One of Liam's classmates' mom passed away from cancer last week. I didn't know her very well, but of course in a small school you still feel connected through the kids and community. I knew her cancer had returned last summer and that she had been sick eight years previous and had beat it. One of the other moms that I do know better had organized providing meals to the family in which we participated, wanting to help in at least some small way. I knew she had a boy in grade four with Liam and another five year old son in kindergarten. I just found out she only turned 40 years old in August.
Liam's class was invited to her service on Friday to which Liam wanted to go. I went with him to support him, his other classmates and teachers. All funerals are obviously sad even if it is a celebration of the person's life. In her 40 years, I learned that she had a good one filled with happiness, fun, spontaneity and love for her family and friends. She lived.
During one of the eulogies, her youngest started to cry. It was the most heart-breaking sound in that church. Up until then, I was sad, but not teary. Watching and hearing him crying for his mom crushed me. Thankfully my friend next to me brought tissues.
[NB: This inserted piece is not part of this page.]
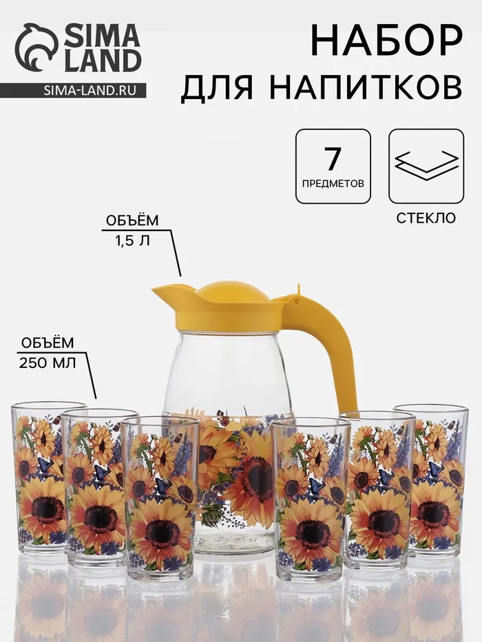 Набор для напитков «Подсолнух», 7 предметов: кувшин, 6 стаканов, стекло, прозрачный, жёлтый — Характеристики
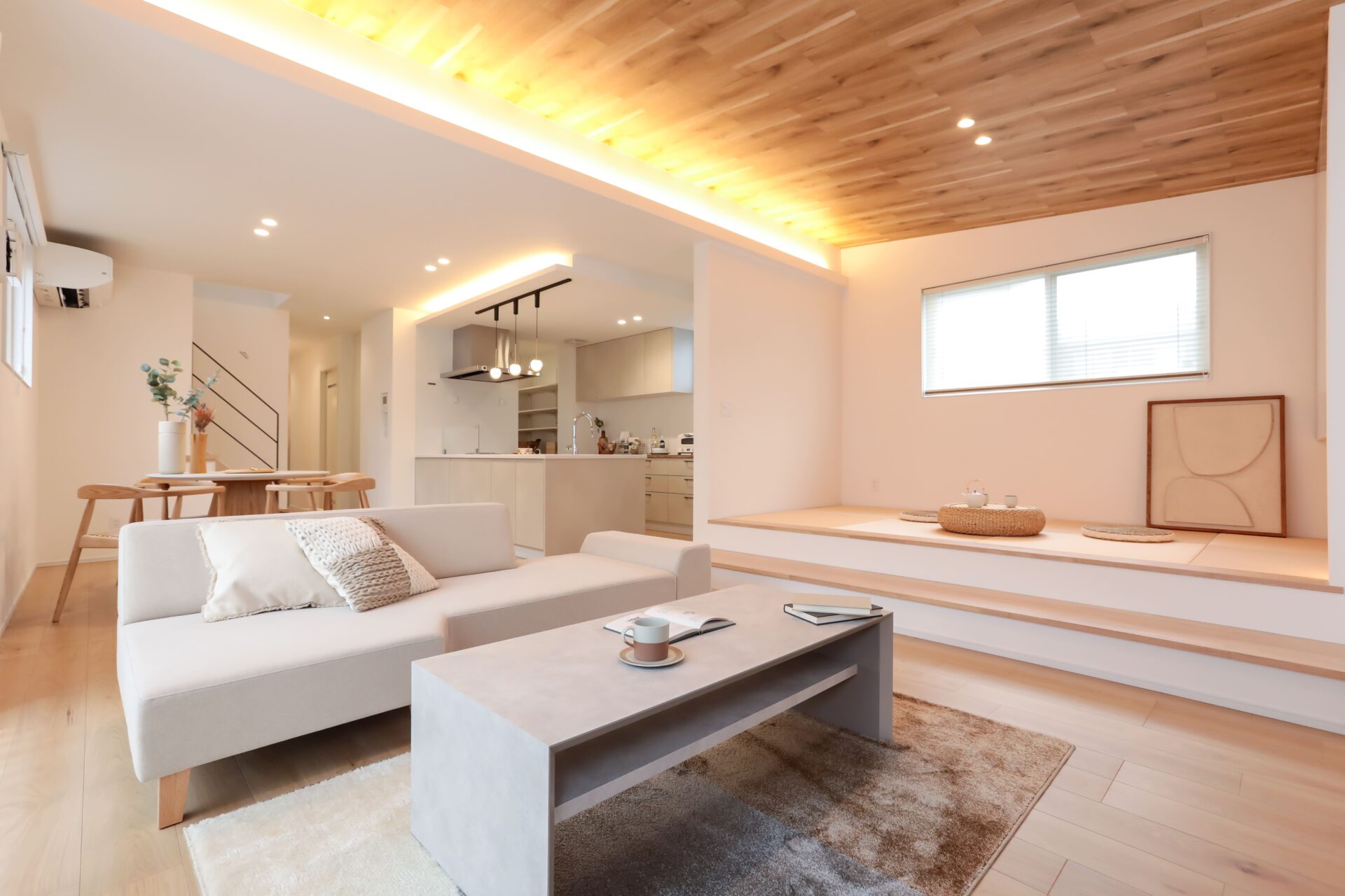 LDKに隣接した小上がりは、子どもの遊び場やお昼寝スペース、家事の合間のひと休みに。

Liam asked me how and why she got cancer? How do you explain to a barely 10 year old why someone gets this horrible disease, especially someone so young? He's a pretty thoughtful boy and said that even though his friend hasn't said much about his mom, he will be sad and miss her - especially on his wedding day. She had too many things left to see and do with those boys.
Life is short and sometimes unfair. Our time is unknown so I am trying to live mine enjoying the days and moments with my family and friends. Our connections are what's important. I've learned that.